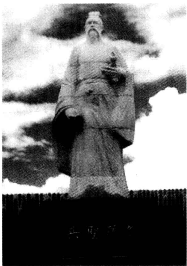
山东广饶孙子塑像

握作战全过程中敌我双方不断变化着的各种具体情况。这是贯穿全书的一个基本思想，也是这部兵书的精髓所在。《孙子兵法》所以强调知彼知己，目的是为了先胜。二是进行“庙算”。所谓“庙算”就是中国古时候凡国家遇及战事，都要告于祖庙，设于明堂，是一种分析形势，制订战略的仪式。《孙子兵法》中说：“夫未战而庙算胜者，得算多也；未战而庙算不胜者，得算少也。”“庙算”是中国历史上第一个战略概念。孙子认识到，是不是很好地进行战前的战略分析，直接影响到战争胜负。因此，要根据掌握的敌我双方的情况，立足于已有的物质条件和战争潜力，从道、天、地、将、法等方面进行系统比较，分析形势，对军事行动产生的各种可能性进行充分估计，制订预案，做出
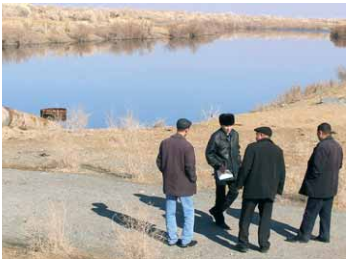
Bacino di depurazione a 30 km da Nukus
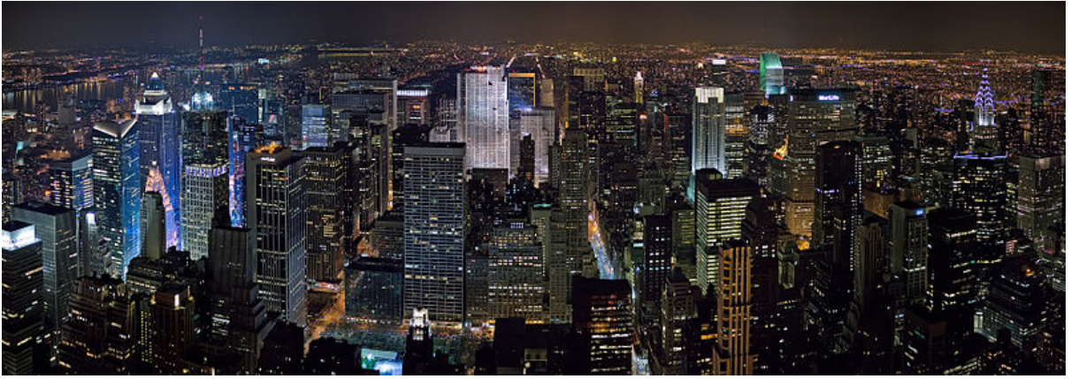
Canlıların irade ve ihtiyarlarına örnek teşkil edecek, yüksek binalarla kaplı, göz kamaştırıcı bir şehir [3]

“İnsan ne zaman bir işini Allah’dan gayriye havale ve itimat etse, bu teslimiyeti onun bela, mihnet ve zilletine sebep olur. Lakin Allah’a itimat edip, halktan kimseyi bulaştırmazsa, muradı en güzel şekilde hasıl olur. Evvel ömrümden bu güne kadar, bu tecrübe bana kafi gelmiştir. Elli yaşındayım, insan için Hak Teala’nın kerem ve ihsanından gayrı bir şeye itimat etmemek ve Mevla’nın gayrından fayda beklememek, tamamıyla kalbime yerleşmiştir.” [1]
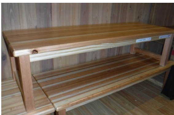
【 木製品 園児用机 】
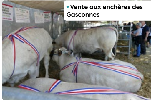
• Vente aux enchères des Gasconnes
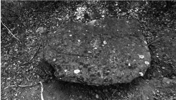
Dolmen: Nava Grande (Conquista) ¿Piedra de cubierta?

---

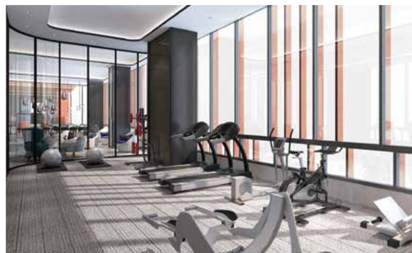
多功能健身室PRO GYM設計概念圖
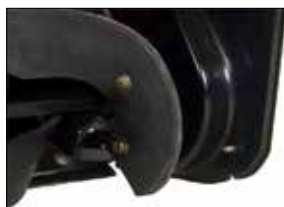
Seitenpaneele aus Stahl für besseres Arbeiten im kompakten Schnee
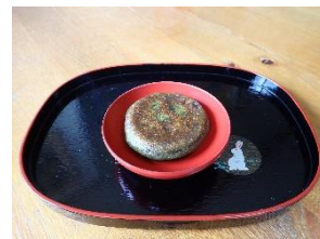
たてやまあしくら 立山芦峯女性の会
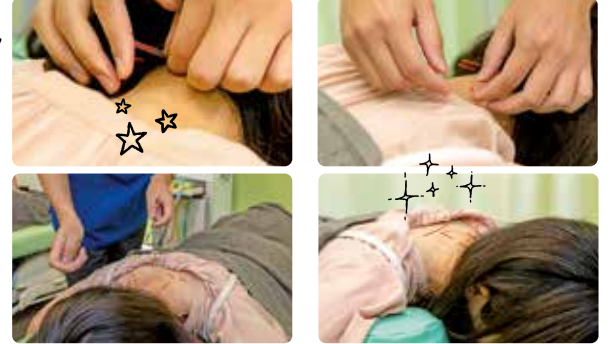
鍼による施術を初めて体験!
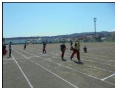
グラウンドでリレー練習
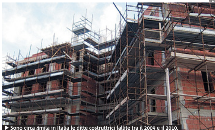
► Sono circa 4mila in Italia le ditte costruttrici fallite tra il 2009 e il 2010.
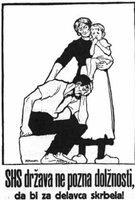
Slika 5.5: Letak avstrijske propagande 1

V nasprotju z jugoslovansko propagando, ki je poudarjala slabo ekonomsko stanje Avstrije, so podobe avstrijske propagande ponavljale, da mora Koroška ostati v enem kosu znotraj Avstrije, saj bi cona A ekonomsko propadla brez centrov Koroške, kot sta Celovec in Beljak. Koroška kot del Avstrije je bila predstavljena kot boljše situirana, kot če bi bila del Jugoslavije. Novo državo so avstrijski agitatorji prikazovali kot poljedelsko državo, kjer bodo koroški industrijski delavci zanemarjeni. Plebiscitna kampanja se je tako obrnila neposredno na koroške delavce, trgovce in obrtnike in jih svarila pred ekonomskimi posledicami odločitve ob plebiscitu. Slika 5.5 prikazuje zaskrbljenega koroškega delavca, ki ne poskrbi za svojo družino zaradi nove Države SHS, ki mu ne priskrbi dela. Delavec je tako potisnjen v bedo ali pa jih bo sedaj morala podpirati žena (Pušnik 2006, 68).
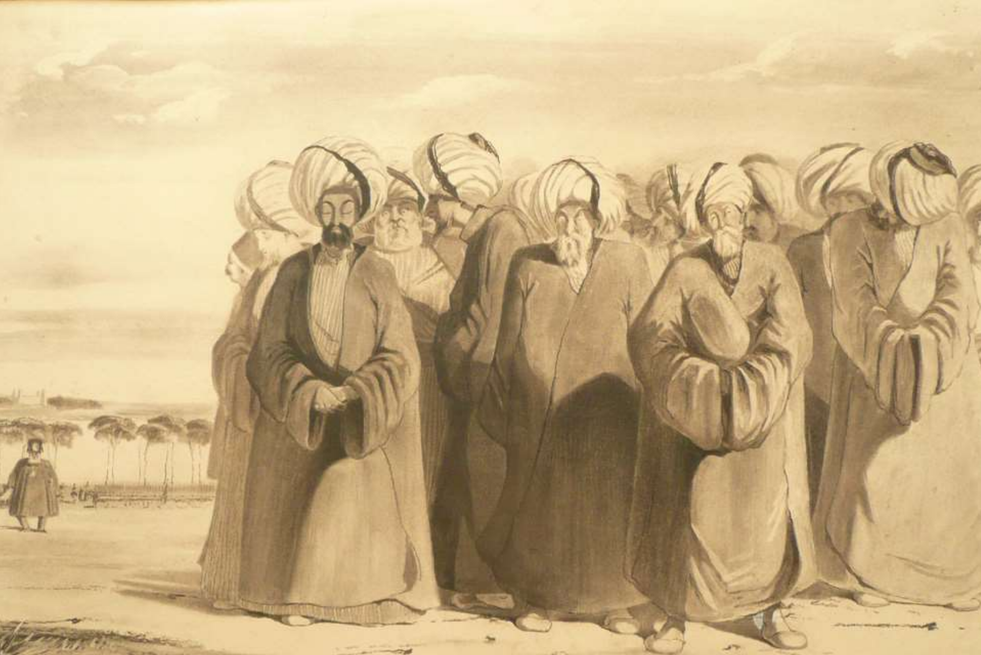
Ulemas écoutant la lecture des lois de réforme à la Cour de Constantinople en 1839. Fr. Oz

• **TASK BRIEF**: Copy out exactly the material that runs from the line with "握作战全过程中敌我双方不断变" to the line with "Dolmen: Nava Grande", ends included, and leave the pictures behind.

• **ANSWER TO THIS PROBLEM**:
握作战全过程中敌我双方不断变化着的各种具体情况。这是贯穿全书的一个基本思想，也是这部兵书的精髓所在。《孙子兵法》所以强调知彼知己，目的是为了先胜。二是进行“庙算”。所谓“庙算”就是中国古时候凡国家遇及战事，都要告于祖庙，设于明堂，是一种分析形势，制订战略的仪式。《孙子兵法》中说：“夫未战而庙算胜者，得算多也；未战而庙算不胜者，得算少也。”“庙算”是中国历史上第一个战略概念。孙子认识到，是不是很好地进行战前的战略分析，直接影响到战争胜负。因此，要根据掌握的敌我双方的情况，立足于已有的物质条件和战争潜力，从道、天、地、将、法等方面进行系统比较，分析形势，对军事行动产生的各种可能性进行充分估计，制订预案，做出
Bacino di depurazione a 30 km da Nukus
Canlıların irade ve ihtiyarlarına örnek teşkil edecek, yüksek binalarla kaplı, göz kamaştırıcı bir şehir [3]

“İnsan ne zaman bir işini Allah’dan gayriye havale ve itimat etse, bu teslimiyeti onun bela, mihnet ve zilletine sebep olur. Lakin Allah’a itimat edip, halktan kimseyi bulaştırmazsa, muradı en güzel şekilde hasıl olur. Evvel ömrümden bu güne kadar, bu tecrübe bana kafi gelmiştir. Elli yaşındayım, insan için Hak Teala’nın kerem ve ihsanından gayrı bir şeye itimat etmemek ve Mevla’nın gayrından fayda beklememek, tamamıyla kalbime yerleşmiştir.” [1]
【 木製品 園児用机 】
• Vente aux enchères des Gasconnes
Dolmen: Nava Grande (Conquista) ¿Piedra de cubierta?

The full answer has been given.